*TASK DESCRIPTION*. Starting at the first line of the entries below, restate each line exactly until you reach the line with "Comfortable brown leather", and print that one too. Leave the pictures out and stop there.

*DATA FOR PROCESSING*.
★ ★ ★ ★

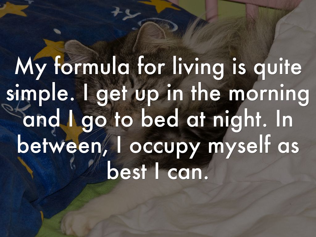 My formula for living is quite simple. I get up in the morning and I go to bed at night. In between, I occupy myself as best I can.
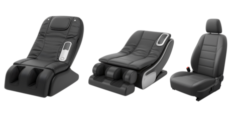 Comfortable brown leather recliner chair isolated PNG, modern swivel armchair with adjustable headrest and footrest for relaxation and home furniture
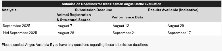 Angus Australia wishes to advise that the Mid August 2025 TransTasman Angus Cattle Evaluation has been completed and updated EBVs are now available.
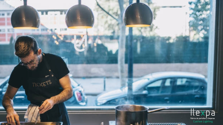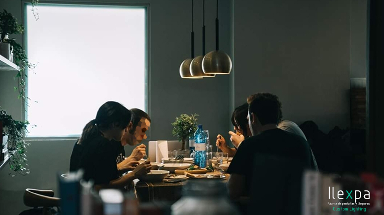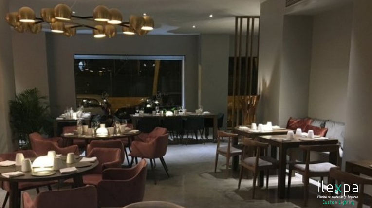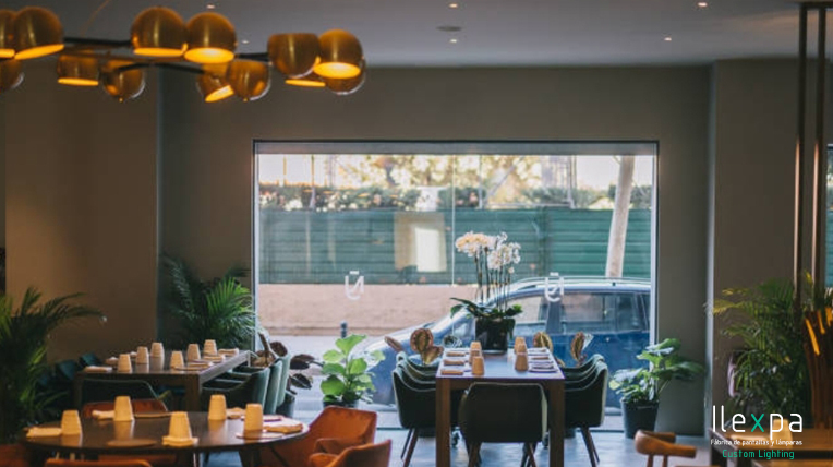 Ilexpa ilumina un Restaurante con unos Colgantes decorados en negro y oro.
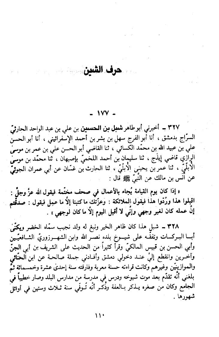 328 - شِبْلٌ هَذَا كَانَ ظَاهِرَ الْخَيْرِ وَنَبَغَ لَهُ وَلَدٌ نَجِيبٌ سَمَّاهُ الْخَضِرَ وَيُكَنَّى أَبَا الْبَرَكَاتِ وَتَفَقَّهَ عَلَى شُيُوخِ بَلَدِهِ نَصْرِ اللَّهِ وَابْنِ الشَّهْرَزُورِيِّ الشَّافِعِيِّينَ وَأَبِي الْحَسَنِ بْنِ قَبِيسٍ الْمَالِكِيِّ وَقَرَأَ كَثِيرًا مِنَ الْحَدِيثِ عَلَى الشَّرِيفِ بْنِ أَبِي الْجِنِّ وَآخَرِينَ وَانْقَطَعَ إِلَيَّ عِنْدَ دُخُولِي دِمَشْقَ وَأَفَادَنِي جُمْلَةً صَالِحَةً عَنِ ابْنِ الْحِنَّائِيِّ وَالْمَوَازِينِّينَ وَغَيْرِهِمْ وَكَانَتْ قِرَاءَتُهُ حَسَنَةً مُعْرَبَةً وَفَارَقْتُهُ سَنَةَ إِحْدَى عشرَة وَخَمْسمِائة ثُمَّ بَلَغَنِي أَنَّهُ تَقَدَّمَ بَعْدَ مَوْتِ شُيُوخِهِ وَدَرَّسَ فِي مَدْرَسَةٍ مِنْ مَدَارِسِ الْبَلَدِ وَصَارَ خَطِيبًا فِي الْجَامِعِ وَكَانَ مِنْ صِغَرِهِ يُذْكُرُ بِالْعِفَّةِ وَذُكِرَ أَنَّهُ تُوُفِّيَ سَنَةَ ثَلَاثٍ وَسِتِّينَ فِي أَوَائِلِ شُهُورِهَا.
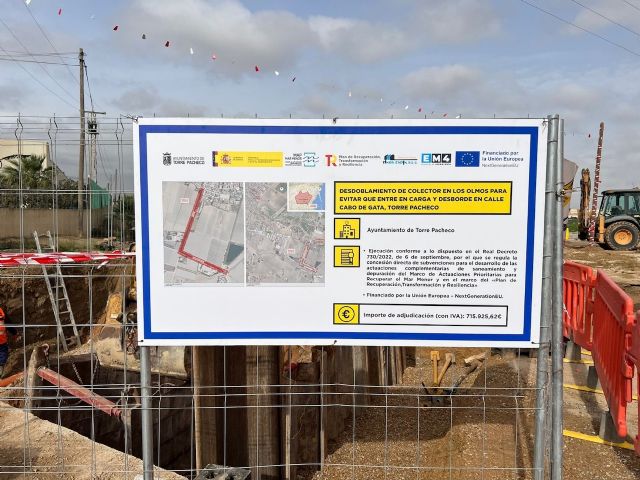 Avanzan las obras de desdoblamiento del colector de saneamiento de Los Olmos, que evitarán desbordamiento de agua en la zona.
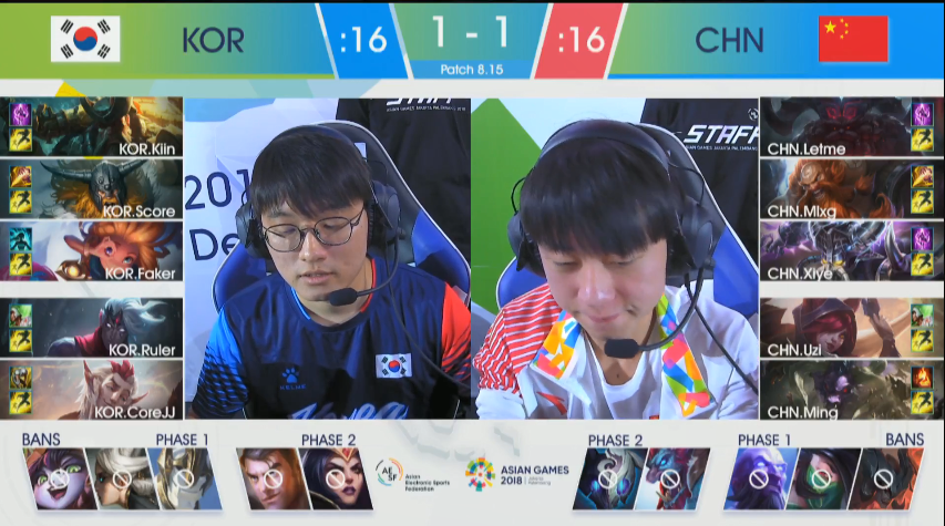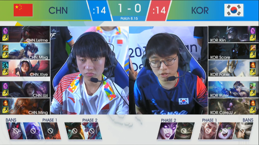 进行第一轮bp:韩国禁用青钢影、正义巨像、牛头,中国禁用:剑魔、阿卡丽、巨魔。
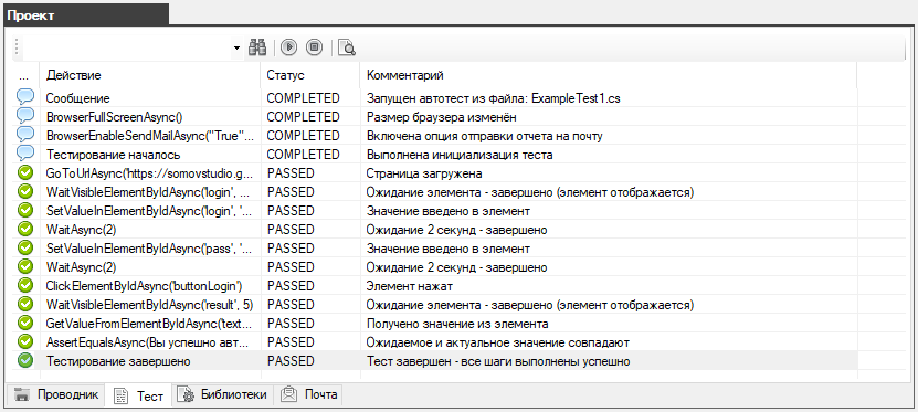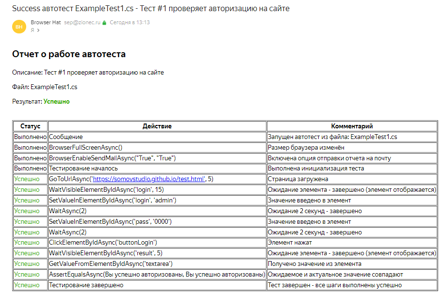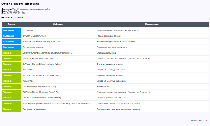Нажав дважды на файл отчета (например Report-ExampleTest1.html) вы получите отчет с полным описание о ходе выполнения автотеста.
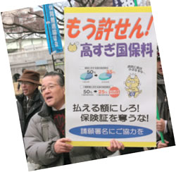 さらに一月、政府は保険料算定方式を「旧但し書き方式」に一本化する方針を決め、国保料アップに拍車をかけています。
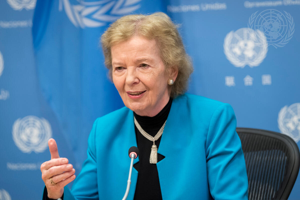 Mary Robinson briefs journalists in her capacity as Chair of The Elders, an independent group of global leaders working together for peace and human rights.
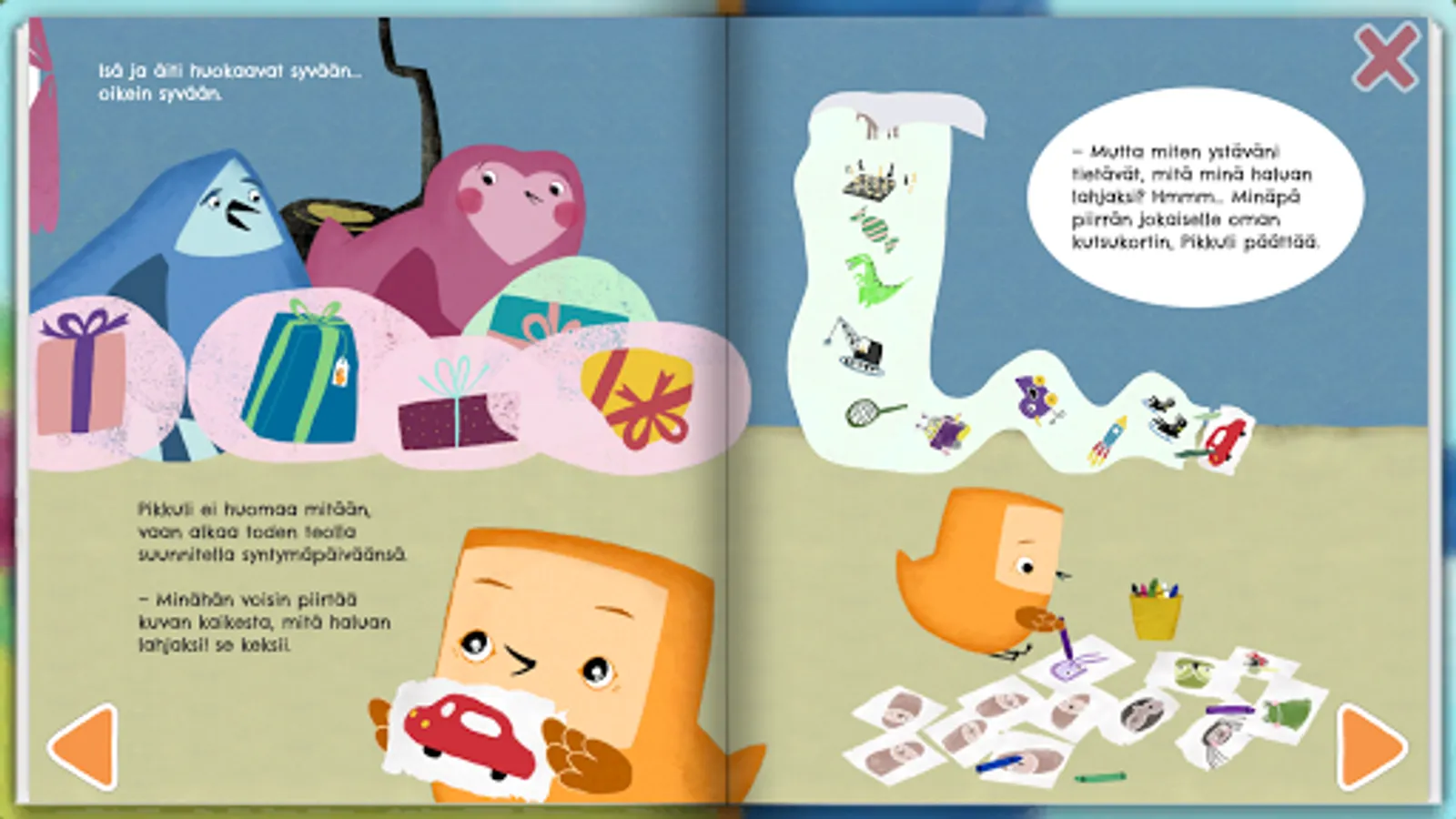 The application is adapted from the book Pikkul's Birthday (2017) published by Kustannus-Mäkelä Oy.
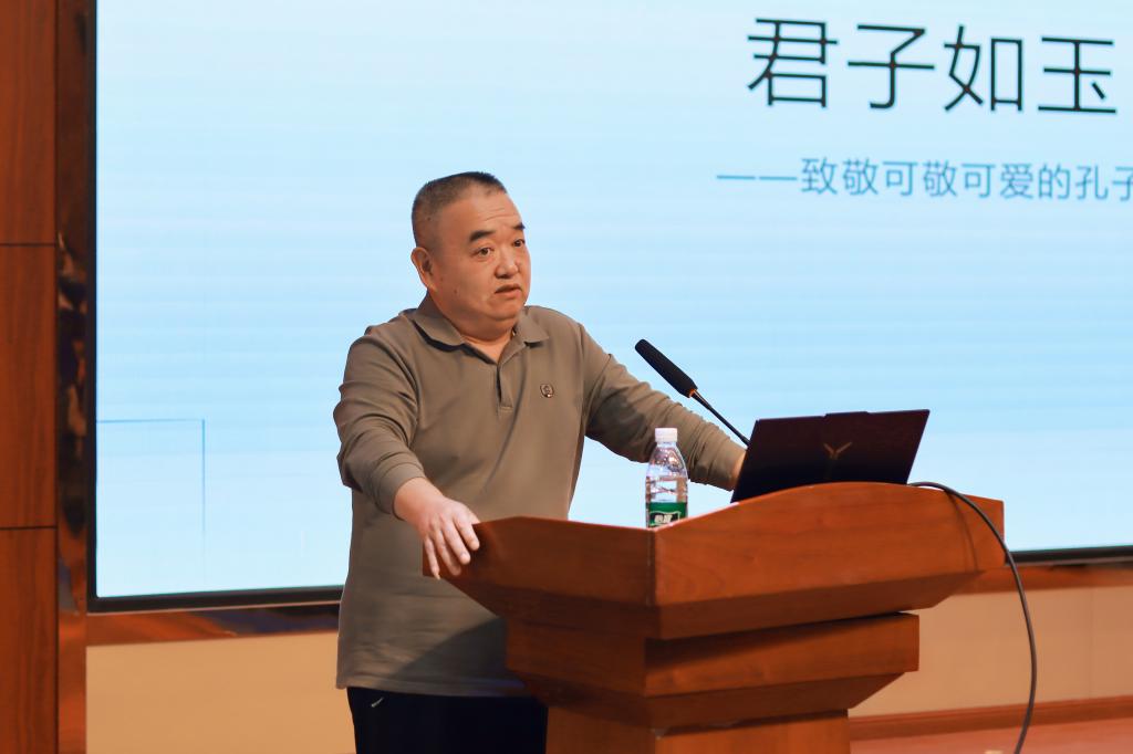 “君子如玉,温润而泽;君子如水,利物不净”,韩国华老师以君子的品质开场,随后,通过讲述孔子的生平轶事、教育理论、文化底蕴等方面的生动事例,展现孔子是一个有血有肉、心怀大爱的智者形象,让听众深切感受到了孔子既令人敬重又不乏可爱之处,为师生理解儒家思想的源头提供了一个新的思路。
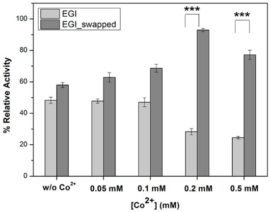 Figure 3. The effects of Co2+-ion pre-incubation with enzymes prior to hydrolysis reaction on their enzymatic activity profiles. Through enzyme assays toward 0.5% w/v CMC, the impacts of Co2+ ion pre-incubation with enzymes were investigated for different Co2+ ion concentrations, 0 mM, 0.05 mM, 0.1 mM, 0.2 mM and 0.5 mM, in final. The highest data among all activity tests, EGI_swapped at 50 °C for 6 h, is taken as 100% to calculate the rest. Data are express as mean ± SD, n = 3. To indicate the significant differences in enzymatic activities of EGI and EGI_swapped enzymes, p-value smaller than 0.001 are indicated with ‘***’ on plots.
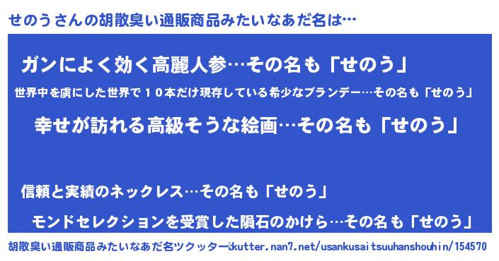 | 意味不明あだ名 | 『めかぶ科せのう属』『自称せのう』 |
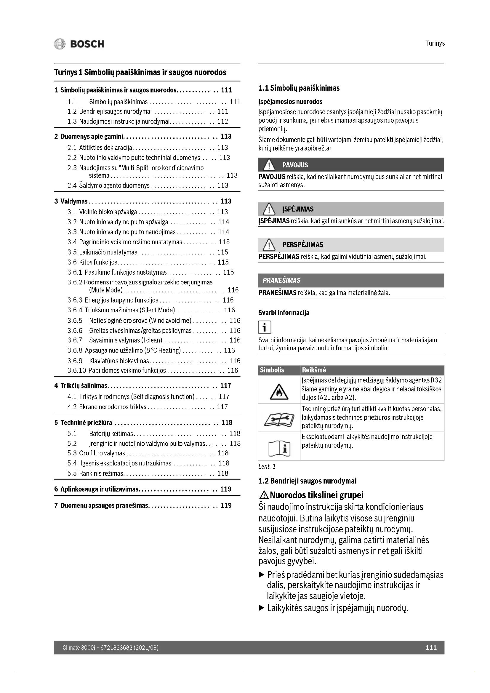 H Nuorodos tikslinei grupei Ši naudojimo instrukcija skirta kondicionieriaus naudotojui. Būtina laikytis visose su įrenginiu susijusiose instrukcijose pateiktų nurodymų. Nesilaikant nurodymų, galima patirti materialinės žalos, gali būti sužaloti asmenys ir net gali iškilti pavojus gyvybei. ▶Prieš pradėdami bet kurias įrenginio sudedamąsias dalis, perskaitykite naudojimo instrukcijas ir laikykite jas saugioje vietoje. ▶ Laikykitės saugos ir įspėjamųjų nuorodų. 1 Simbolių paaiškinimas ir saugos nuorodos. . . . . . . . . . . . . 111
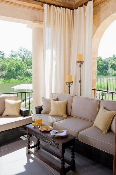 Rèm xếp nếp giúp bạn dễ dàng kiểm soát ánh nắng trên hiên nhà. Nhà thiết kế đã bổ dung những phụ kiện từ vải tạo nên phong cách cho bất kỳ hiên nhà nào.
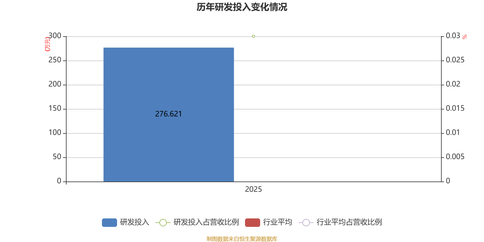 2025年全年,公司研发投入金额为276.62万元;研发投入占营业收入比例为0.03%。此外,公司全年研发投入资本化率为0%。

★ ★ ★ ★

*ANSWER BOX*.
 My formula for living is quite simple. I get up in the morning and I go to bed at night. In between, I occupy myself as best I can.
 Comfortable brown leather recliner chair isolated PNG, modern swivel armchair with adjustable headrest and footrest for relaxation and home furniture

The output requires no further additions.